In a trading update today (11 January), Sainsbury’s said clothing sales increased 5.1% for the six weeks ended 7 January. For the third quarter, clothing sales were up 1.3%.
The retailer said cold weather towards the end of the quarter drove sales up for Tu clothing, with knitwear and Christmas pyjamas particularly popular with customers. Taking into account a year-on-three-year comparison, clothing sales were down 0.4% for the quarter.
Group retail sales, meanwhile, were up 5.2%, excluding fuel, while like-for-like sales climbed 5.9% reflecting inflation and relatively resilient volume trends. General Merchandise sales increased 4.6%.
Simon Roberts, chief executive of J Sainsbury plc, said: “We delivered the best possible Christmas for customers as millions of households managed their budgets differently, hosting larger gatherings again and treating themselves at home. Customers … looked for deals, taking advantage of Black Friday and other seasonal offers.

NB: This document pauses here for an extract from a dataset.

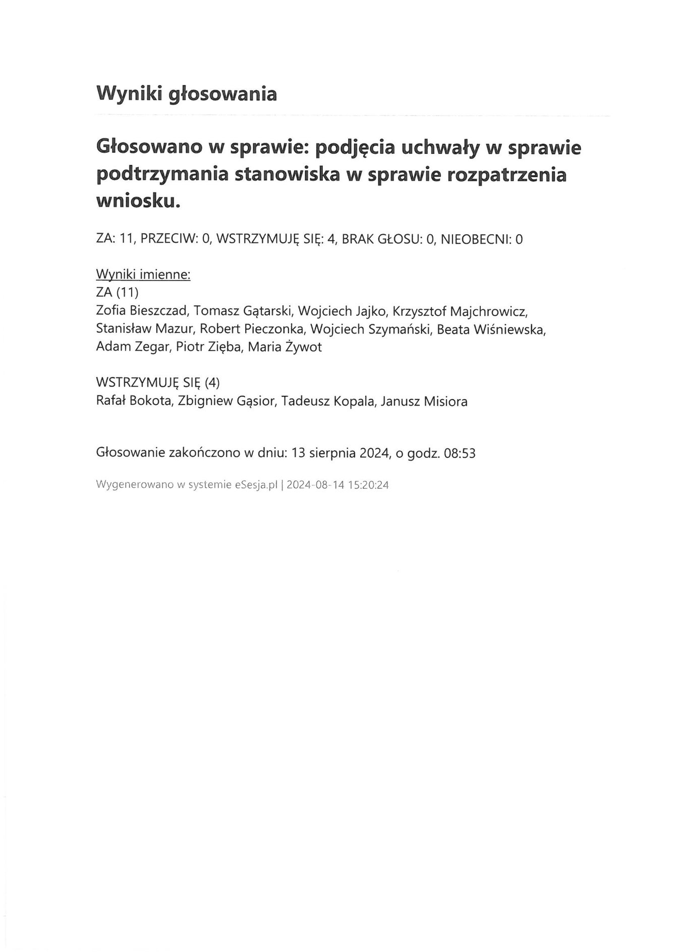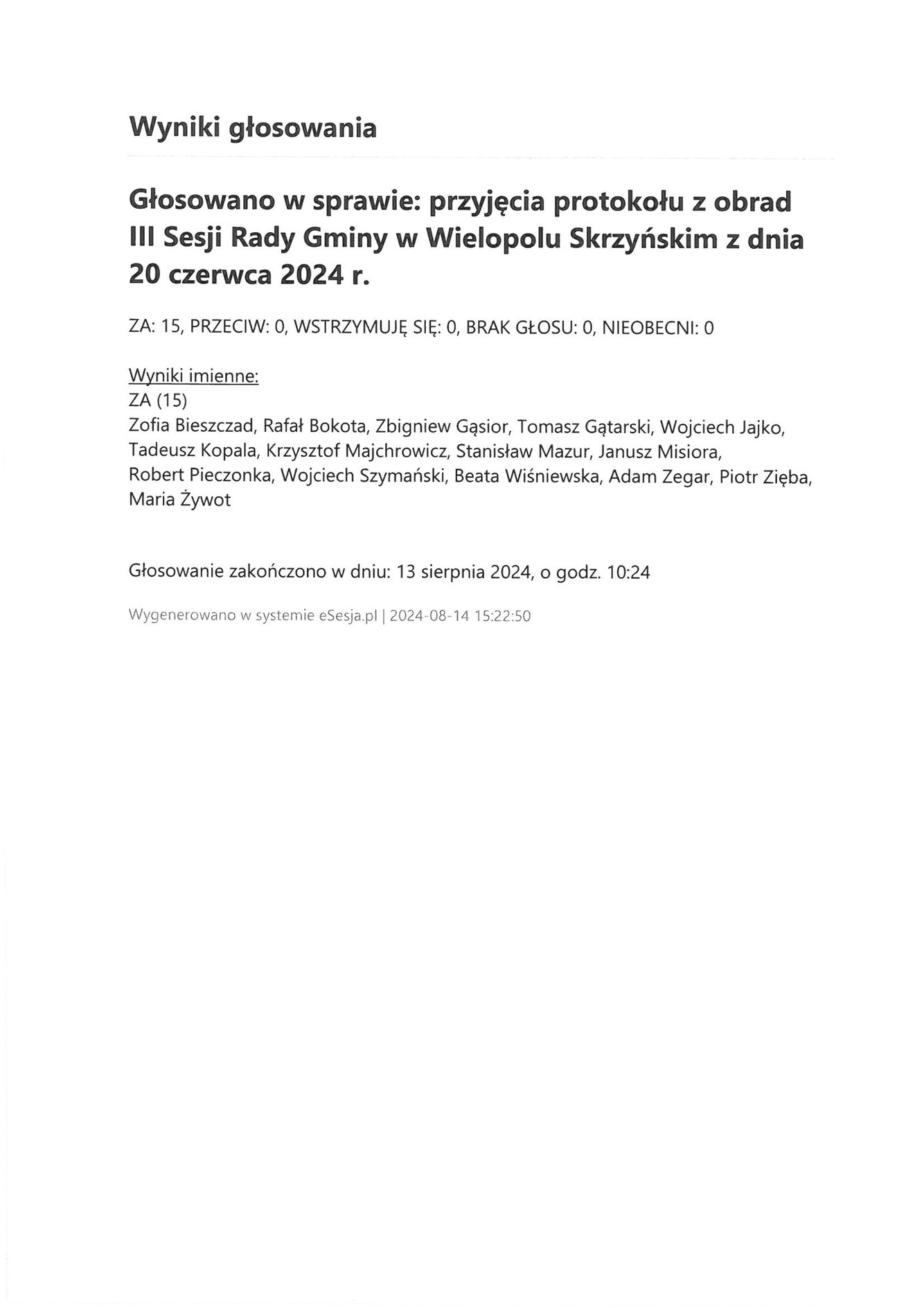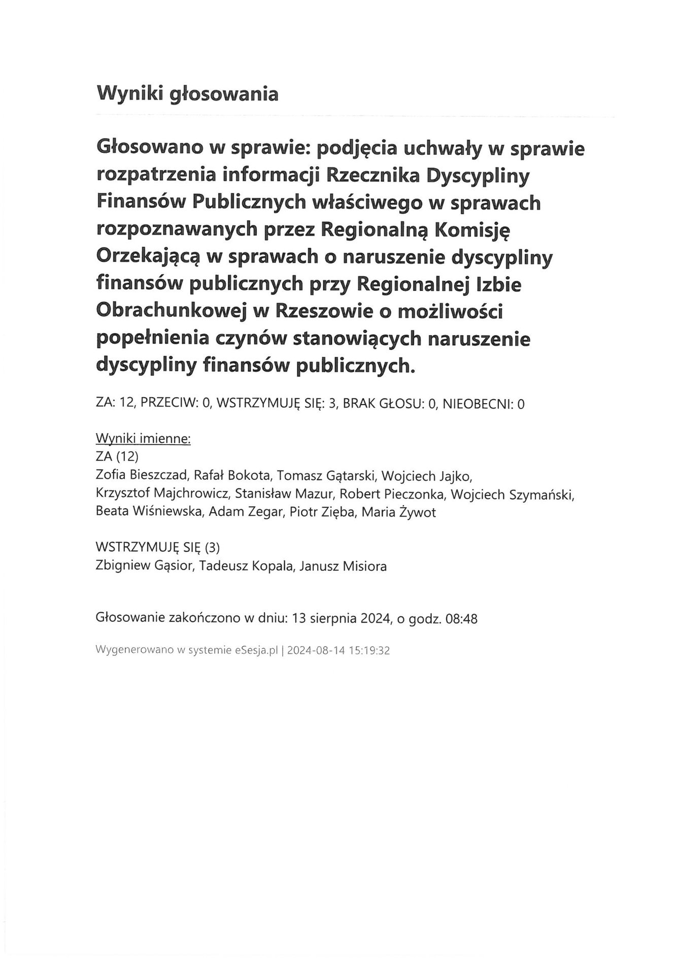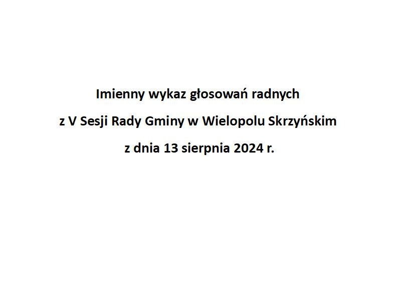 Poniedziałek 19 sierpnia 2024 Imienny wykaz głosowań radnych Strona Główna/Informator/InformacjeImienny wykaz głosowań radnychImienny wykaz głosowań radnych

“We understand money will be exceptionally tight this year particularly as many people wait for Christmas bills to land. We are working together with our suppliers to battle cost inflation and we’re keeping prices low again this year.”
Looking ahead, Sainsbury’s says that this year it will benefit from lower finance costs than previously guided, broadly offset by the cost of a “significant” colleague pay increase ahead of the year-end annual pay review.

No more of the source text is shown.